Ухудшилась радиационная обстановка практически по всей лодке и виной тому была откачка воды через главную осушительную магистраль, в результате чего радиоактивные материалы разнесли по всей лодке.
К нам подошла подводная лодка «С-270». Примерно в 16 часов 4 июля начали эвакуацию первой партии, в которую вошли все участники ликвидации аварии. Командир дизельной подводной лодки Ж. Свербилов, взяв на себя ответственность, решил перегрузку больных произвести в ближайшем фиорде, в территориальных водах Норвегии.
Так и сделали. На спокойной воде, С-270 ошвартовалась к эсминцу и с нее на корабль переправили 49 человек из экипажа «К-19», в том числе всех, кто не мог встать с носилок. В заключение рассказа о спасении подводников «К-19», мне хотелось бы еще процитировать фрагмент из статьи Жана Свербилова, настоящего офицера, решительного командира, показавшего себя с самой лучшей стороны.

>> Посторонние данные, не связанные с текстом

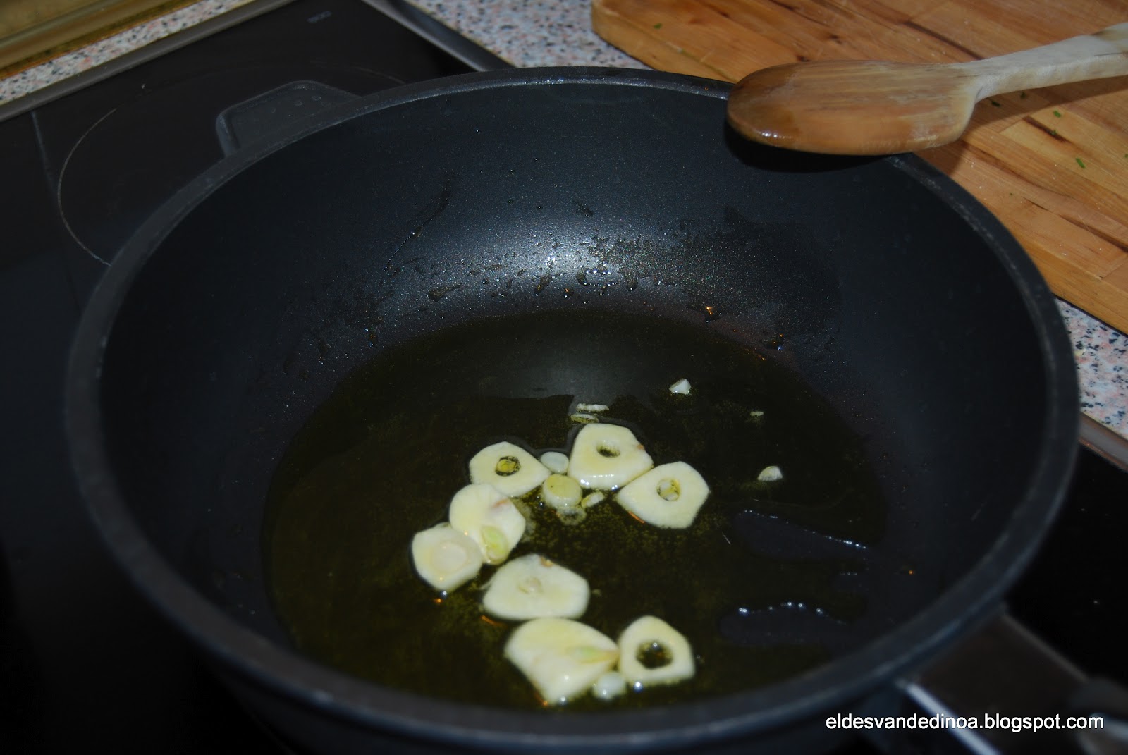 Mientras tanto en una sartén profunda pondremos cuatro cucharadas de aceite y sofreiremos a fuego bajo un diente de ajo partido en láminas, hasta que esté un poquito blando y empiece a coger algo de color.

«На фоне общей порядочности и смелости, имел место факт трусости. Коротко о сути дела. Когда мы ошвартовались к борту «К-19», то первым к нам на лодку перебежал вполне здоровый человек, а уж после перенесли трех тяжелобольных. Передавая мне бланк шифрограммы для передачи на ФКП, Затеев попросил передать ему обратно бланк, как документ секретной и строгой отчетности. Ну и когда радиограмма была передана, я обратился к этому первому покинувшему лодку матросу, чтобы он передал бланк Затееву. И услышал в ответ, что он не матрос, а офицер и является представителем одного из управлений штаба флота и обратно на аварийную лодку не пойдет. Тогда я приказал ему отправляться в первый отсек, где находились уже одиннадцать тяжелобольных. Он мне ответил, что туда он тоже не пойдет и доложит командованию флота о моём самоуправстве. Его неподчинение я расценил как бунт на военном корабле, о чем сообщил ему и всем присутствующим на мостике. После чего приказал старпому вынести пистолет на мостик и расстрелять бунтаря у кормового флага. Старпом начал спускаться в центральный пост за пистолетом. Штабист понял, что с ним не шутят, и, изрыгая угрозы, пошел в первый отсек. В дальнейшем он первым перебежал на «Бывалый». Я не стану называть фамилию и имя этого человека только потому, что, как сказал мой замполит, он не струсил, а просто «дал моральную утечку». И еще я не называю его фамилии потому, что за этот поход он был награжден орденом. А ордена у нас зря не раздаются. Так нас учили».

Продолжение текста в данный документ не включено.